Перевод с украинского Л. Кремневой
Посвящаю Кононивским полям
Действующие лица
Моя усталость.
Поля в июне.
Солнце.
Три белые овчарки.
Кукушка.
Жаворонки.
Железная рука города.
Человеческое горе.
Осталось лишь упаковаться... Это было одно из тех бесчисленных «нужно», которые так утомили меня и лишали сна. Не важно, значительное это «нужно» или ничтожное — существенно то, что оно всякий раз требует к себе внимания, что уже не я им, а оно мною владеет. Фактически становишься рабом этого многоголового чудовища. Хотя бы на время избавиться от него, забыться, отдохнуть. Я устал.
Ведь жизнь безостановочно и неумолимо идет на меня, как волна на берег. Не только моя собственная, но и чужая. А в конце концов — разве я знаю, где кончается моя жизнь и начинается чужая? Я чувствую, как чужое бытие входит в мое, словно воздух в окна и двери, словно воды притоков в реку. Я не могу разминуться с человеком. Я не могу быть одиноким. Признаюсь,— искренне завидую планетам: у них свои орбиты и ничто не становится на их пути. В то время как на своем я постоянно встречаю человека.
Да, ты становишься на моем пути и считаешь, что имеешь на меня право. Ты повсюду. Это ты одел землю в камень и железо, это ты из окон зданий — тысячи черных ртов — вечно дышишь смрадом. Ты ранишь священную тишину земли скрежетом фабрик, грохотом колес, грязнишь воздух дымом и пылью, воешь от боли, радости, злости. Как зверь. Повсюду я встречаю твой взгляд; глаза твои, любопытные, жадные, вонзаются в меня, и сам ты, во всем разнообразии своих цветов и форм, застреваешь в моем зрачке. Я не могу разминуться с тобой... я не могу быть одиноким... Ты не только идешь рядом со мной, ты влезаешь в меня, в нутро. Ты бросаешь в мое сердце, как в собственный тайник, свои страдания и свои боли, разбитые надежды и свое отчаяние. Свою жестокость и звериные инстинкты. Весь ужас, всю грязь своего существования. Какое тебе дело до того, что ты меня терзаешь?
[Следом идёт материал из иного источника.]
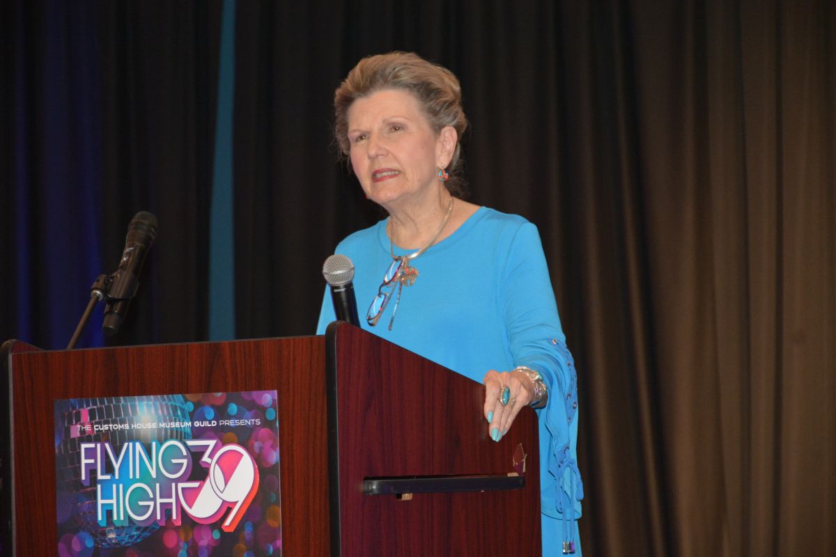 Gracey Award recipient Sue Lewis at the Customs House Museum & Cultural Center Flying High 39 fundraiser at Oak Grove Racing, Gaming & Hotel on Aug. 19, 2023. (Lee Erwin)
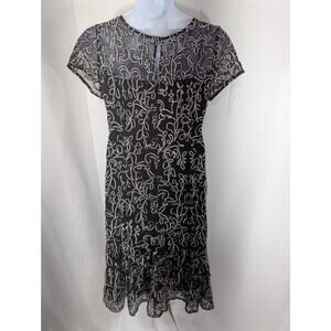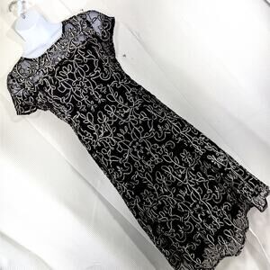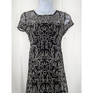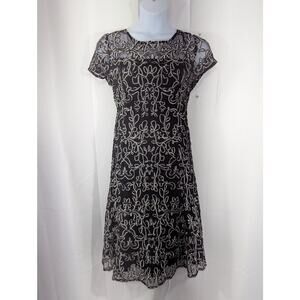 From SL New York, this amazing dress features cream ribbon embroidery on black net! With a sheer top bodice and sleeves, short, shift style, midi length! Just lovely, squiggly abstract floral pattern! Fully lined in black stretch, back button at neck and zipper! Size 16, ***NEW Without Tags, and Guaranteed Superb by Lily @HauteClub!*
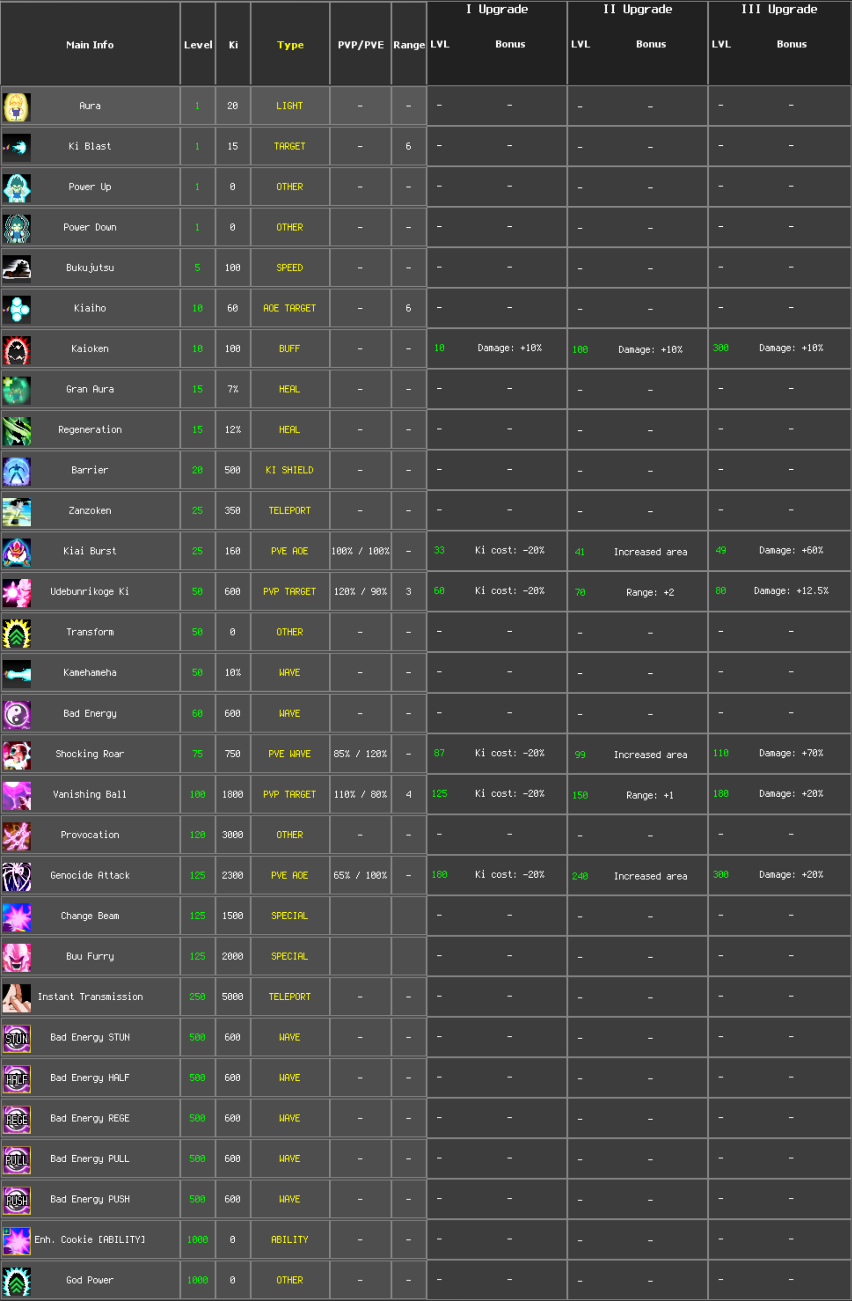 Buu: can change monsters in the cookies. Eaten cookie gives a random bonus: regeneration hp / ki: 20% or 100 rage for 1.5 sec
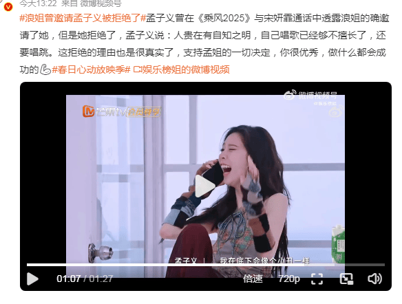 尽管缺席节目,孟子义在《乘风2026》(《浪姐》第七季)中意外刷足存在感。

Ты хочешь быть моим повелителем, хочешь овладеть мною... моими руками, моим разумом, моей волей и моим сердцем... Ты хочешь высосать меня, всю мою кровь, как некий вампир. И ты это делаешь. Я живу не так, как хочу, а так, как говоришь мне ты своими бесчисленными «нужно», бесконечными «должен».
Я устал.
Меня утомили люди. Мне опротивело быть постоялым двором, где вечно толкутся эти создания, кричат, сердятся и сорят. Распахнуть окна! Проветрить помещение! Выкинуть вместе с мусором и тех, кто сорит. Пусть войдут в дом чистота и спокойствие.
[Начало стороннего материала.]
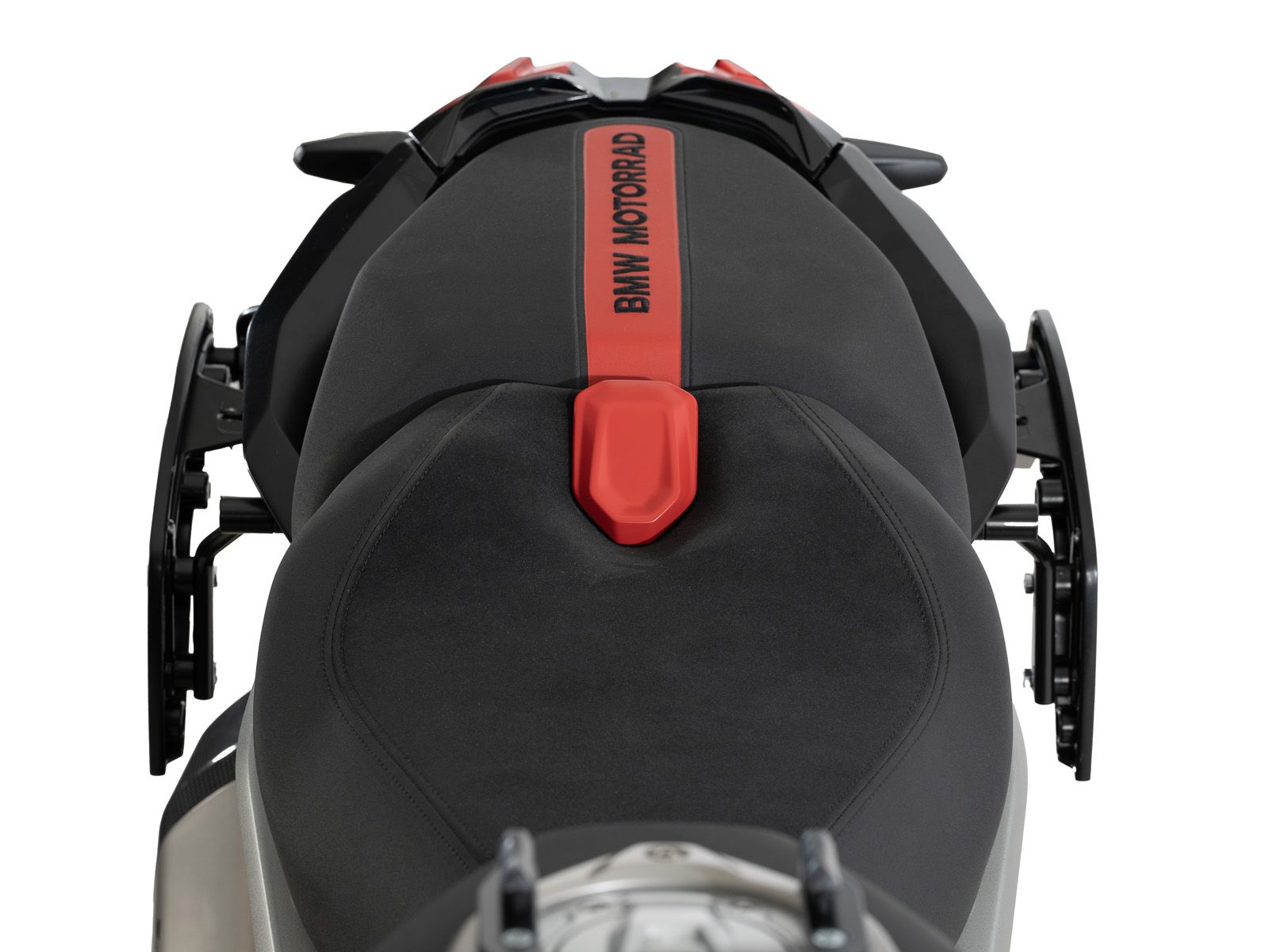 Lesupport de sacoches latérales C-Bow est prévu pour accueillir une grande variété de sacoches Hepco & Becker . Les sacs souples pour les motos sportives et dynamiques et les sacoches de selle pour les choppers et les cruisers peuvent être fixés à la moto avec le support C-Bow. Son design élégant et discret s'intègre parfaitement dans la ligne générale du véhicule. Il maintient bien sûr les sacoches de selle à l'écart du pot d'échappement chaud. Grâce à la technique moderne du C-Bow, les sacs correspondants se fixent facilement et simplement au C-Bow en un seul clic et se verrouillent de manière antivol. Les sacs sont solidement fixés à la moto et restent en place même lorsqu'ils sont chargés. Sur de nombreux modèles, les clignotants restent dans leur position d'origine. Pour plus d'informations, consulte le guide de montage.
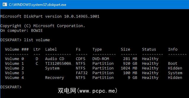 diskpart完成此操作后,输入列表卷以打印当前已连接到系统的所有卷的详细信息。
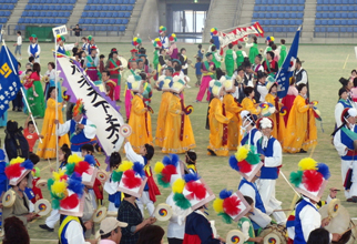 [ フィールド内を練り歩く大農楽隊(中部国際親善マダン)
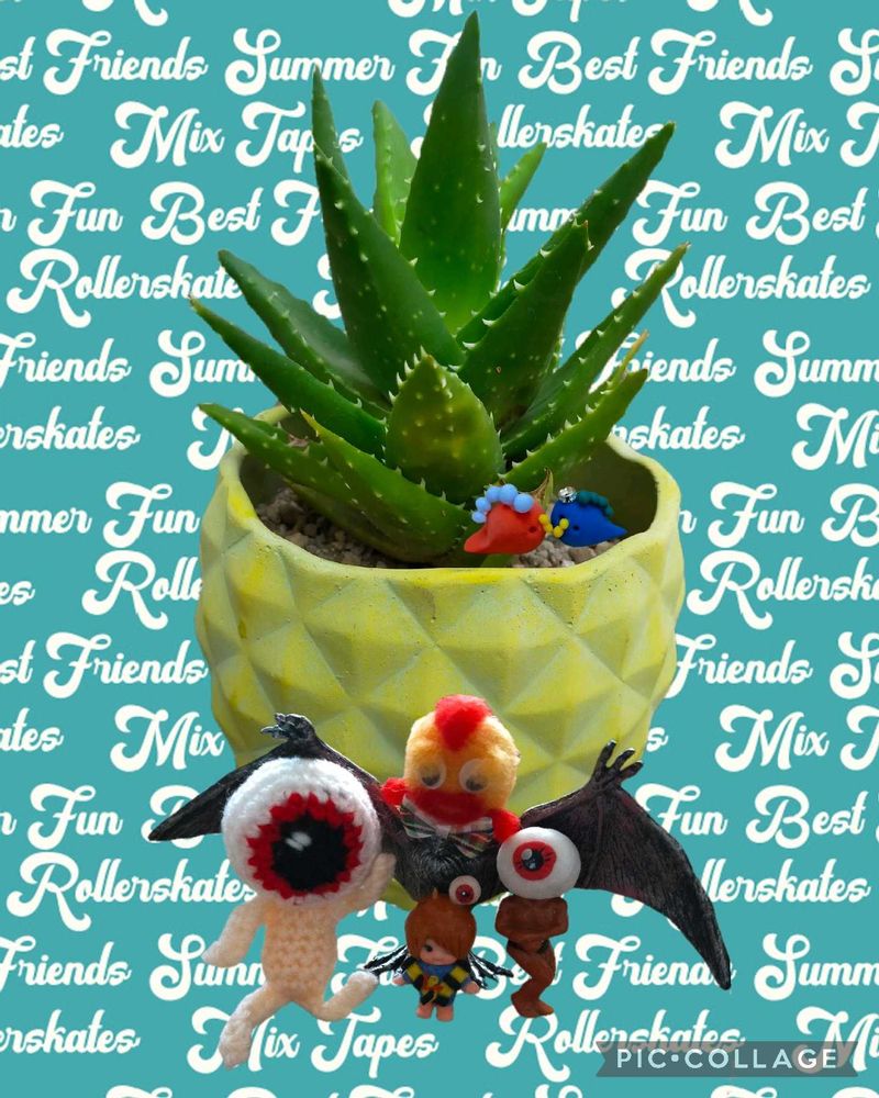 先日のパイナップル🍍鉢に、ピンクパンサーさんからのアロエ不夜城をINしたよ!☺
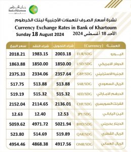 أسعار العملات الصادرة من بنك الخرطوم اليوم الأحد   18   أغسطس 2024م:
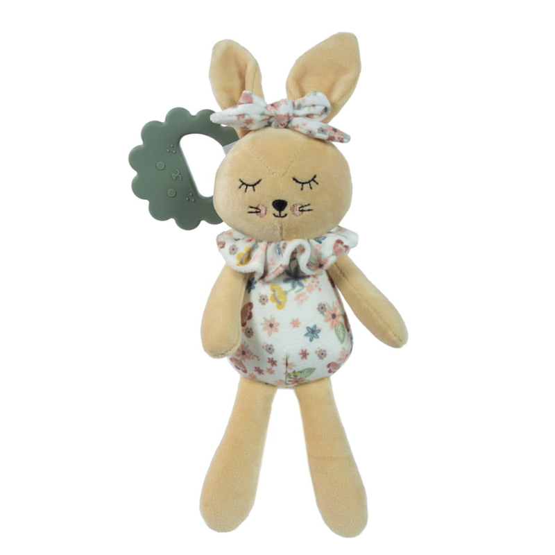Peluche coelho Pasito a Pasito Mr. & Mrs. Rabbit Garden com mordedor em silicone. Orelhas com som de espelho e guiso no interior. Estimula os sentidos e acalma as gengivas. Isento de BPA e ftalatos. 26x13x5,5 cm.
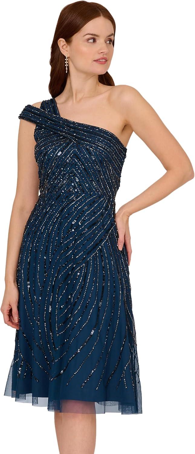 Overview of the ‍Adrianna papell Women’s Beaded One Shoulder dress
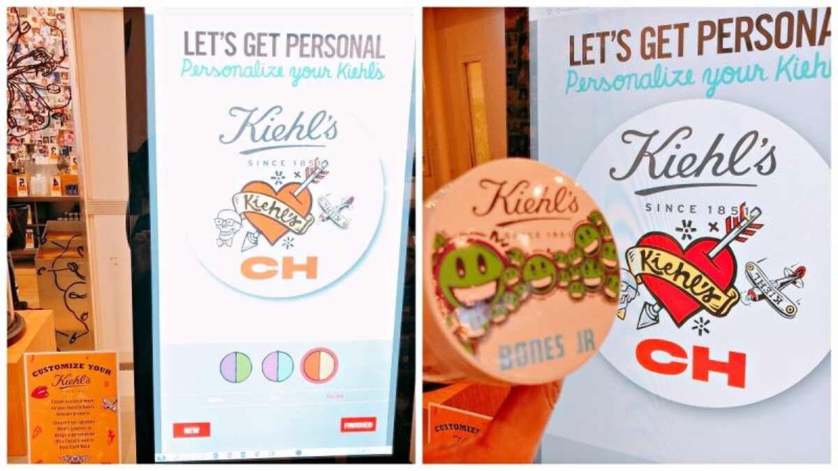 在紐約旗艦店中有一台客製化貼紙標籤機,只要購買冰河醣蛋白保濕霜,就可以利用機器選擇喜歡的圖案、字母、色系後,印出個人專屬的瓶蓋貼紙。貼在乳霜上面就是一罐獨一無二的專屬保養品。

Кто даст мне радость одиночества?
Смерть? Сон?
Как я ждал их порою!
А когда являлся этот прекрасный брат смерти и уводил меня к себе, люди и там подстерегали меня. Они сплетали свое существование с моим в один причудливый узор, старались наполнить мои уши и мое сердце тем, чем сами были полны... Слушай-ка, слушай! Ты и здесь несешь ко мне свои страдания? Свою мерзость? Мое сердце не может больше вместить. Оно полно до краев. Дай мне покой...
Так бывало по ночам.
А днем я содрогался, если чувствовал за спиной тень человека, и с отвращением слушал ревущие потоки человеческой жизни, мчавшиеся мне навстречу, как дикие лошади, изо всех городских улиц.
* * *
Поезд летел, полный человеческого гама. Казалось, город протягивает в поле за мной свою железную руку и не отпускает. Меня раздражала трепетавшая во мне неуверенность: разожмет ли рука свои железные пальцы, отпустит ли меня? Неужели я убегу от этого вопля и войду в безлюдье зеленых просторов? Они сомкнутся за мной и тщетно будут лязгать суставы железной руки? И будет кругом и во мне тишина?
А когда все это произошло так просто и так незаметно, я не почувствовал тишины: ее заглушали чужие голоса и слова, мелкие и ненужные, как щепки и солома в вешних потоках...
...одна почтенная дама пятнадцать лет страдала болезнью сердца... трах-тарах-тах... трах... тарах-тах... дивизия наша стояла тогда... Трах-тарах-тах... Вы куда едете?.. Прошу билеты... трах-тарах-тах... трах-тарах-тах...
Какой-то зеленый хаос бушевал вокруг меня и хватал бричку за все колеса, а неба здесь было так много, что глаза тонули в нем, словно в море, ища, на чем бы задержаться. И были беспомощны.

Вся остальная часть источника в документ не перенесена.